Следом шли сеиды — люди из рода Пророка. Их талии были перевязаны зелеными поясами. За сеидами в белых саванах шли жертвы мухаррема с обритыми головами и кинжалами в руках. На их лицах было написано суровое отчуждение, словно они были посланцами иного мира.
— Шахсей!.. Вахсей!..
Сверкая в воздухе, кинжалы опускались на бритые головы. Одежда была залита кровью. У одного закружилась голова, и товарищи вывели его из толпы. На губах его блуждала счастливая улыбка.
Я все еще стоял у окна, ощущая в себе неведомое дотоле чувство. Крики с улицы отзывались в моей душе неким предупреждением, наполняя ее жаждой самопожертвования. На пыльной улице были бисером рассыпаны капли крови. Звуки горна зачаровывали, звали к спасению. В них заключалась тайна Всевышнего, врата печали, открывающие путь к спасению.
Я сжал губы и крепко стиснул ручку окна. Передо мной проплыло знамя Гусейна, я увидел руку Фатьмы, и предметы стали терять свою реальность.

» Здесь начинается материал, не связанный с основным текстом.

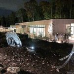 There is a woolly mammoth nearly life-sized glass skeleton located outside the garden.
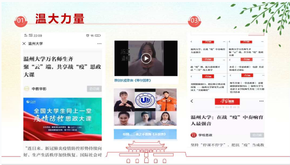 来自本科生党支部的入党积极分子许媛媛从一位老支书讲起,分享了他在全面建成小康之路上的艰辛付出,讲述了共产党员的责任担当。在此基础上,他看到了一批批抗疫先锋在抗疫阻击战中的身影,尤其是一个个温大人的力量,彰显着“求学问是、敢为人先”的温大精神。
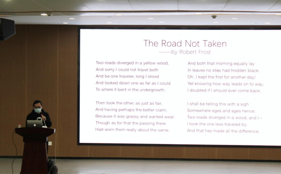 会议伊始,王俊老师以“The Road Not Taken”的诗句为引,分别举出五个学长学姐的例子,以视频的方式展现出各自的经历、现在的生活以及未来计划,切身处地地引导同学们做出适合自己的选择。此外,王俊老师以开头的诗作结,勉励同学们要提升自我,走好自己选择的路。
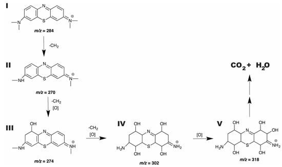 In order to identify the species produced during the methylene blue photocatalytic degradation process, the reaction products from each photocatalyst were monitored by electrospray ionization (ESI-MS). Figure 11 shows the ESI-(+)-MS spectra from the MB standard used to establish the conditions for all analyses (m/z = 284) (Figure 11a) and the products of the MB photocatalytic degradation in the presence of samples BiW2 and TiO2 (Figure 11b,c, respectively). The spectra of the oxidation products show peaks at m/z = 270, 274, 302, and 318. The photocatalytic degradation in the presence of sample BiW2 (Figure 11b) catalyst resulted in a high loss of the m/z = 284 signal intensity, associated with MB oxidation, in correlation with the data observed by absorbance decay. Based on the other peaks observed, a methylene blue degradation pathway has been proposed (Figure 12). Thus, the pathway to the complete mineralization starts with the loss of a methyl group (m/z = 270, compound II). Then, there is the loss of another methylene group, and the appearance of an OH group indicates the beginning of oxidation, thus generating the compound with m/z = 274 (compound III). The complete degradation happens through successive oxidations resulting in the formation of the intermediate products shown as compounds IV and V in Figure 12. From the peaks of the fragmentation products depicted in the Figure 11, it is evident that the MB degradation process was more efficient in the presence of the bismuth tungstate sample, as compared to titanium dioxide.
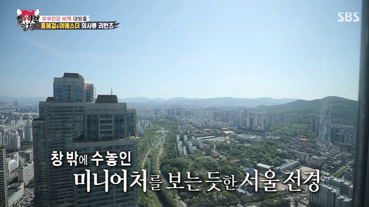 여에스더, 홍혜걸 부부의 서울 집이 공개됐어요. 제주도에 이어 두 번째 집 방문인데요. 서울 집이 어마어마하게 좋더라고요! 특히 뷰가 대박임! 현재 왼쪽은 남편 홍혜걸이 쓰고, 오른쪽은 여에스더가 쓰고 있대요.
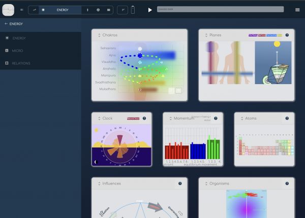 Disse grafer giver mulighed for at se informationer som chakraer, ur, planer, momentum, atomer, påvirkninger og organismer.
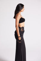 - Intricately adorned with black Rhinestones and beading, scattered across the back of the hand and fingers.
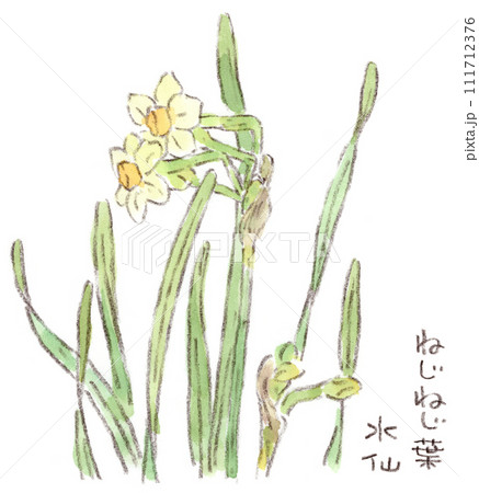 冬〜春の植物、優雅に咲くスイセン(水仙)の水彩画イラスト
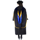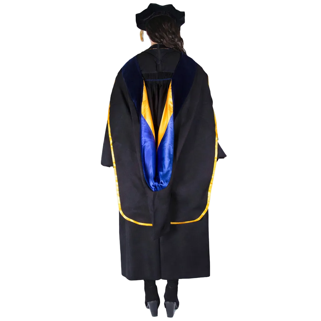 The doctoral hood is trimmed with blue velvet denoting a Ph.D. The interior of the hood; is lined with luxurious yellow satin and UC blue chevron, designed to display your institutional affiliation with UC San Diego. All hoods are 4 feet long.

Вновь раздался грохот барабана, он отозвался в моей душе диким ревом. В то же мгновение я превратился в частицу этой толпы. Я оказался в полукруге широкоплечих мужчин, и мои кулаки тяжелыми молотами обрушивались на обнаженную грудь. Потом я ощутил прохладу полутемной мечети, услышал стон Имама. Кто-то вручил мне тяжелую цепь, и я почувствовал обжигающую боль на спине. Текли часы. Передо мной возникла просторная площадь, и тот же дикий рев, слившийся с радостным «Шахсей!.. Вахсей!..», вырвался из моей груди. Вдруг откуда-то появился дервиш с изможденным лицом, выступающими под иссохшей кожей ребрами. Лица людей в толпе сияли верой. Люди пели. По площади провели коня с окровавленной попоной на спине. Это был конь младенца Гусейна. Дервиш кричал во все горло. Отшвырнув медную палку, он бросился под ноги коню. У меня кружилась голова. Молоты кулаков обрушивались на обнаженную грудь.
— Шахсей!.. Вахсей!.. — ревела в экстазе толпа.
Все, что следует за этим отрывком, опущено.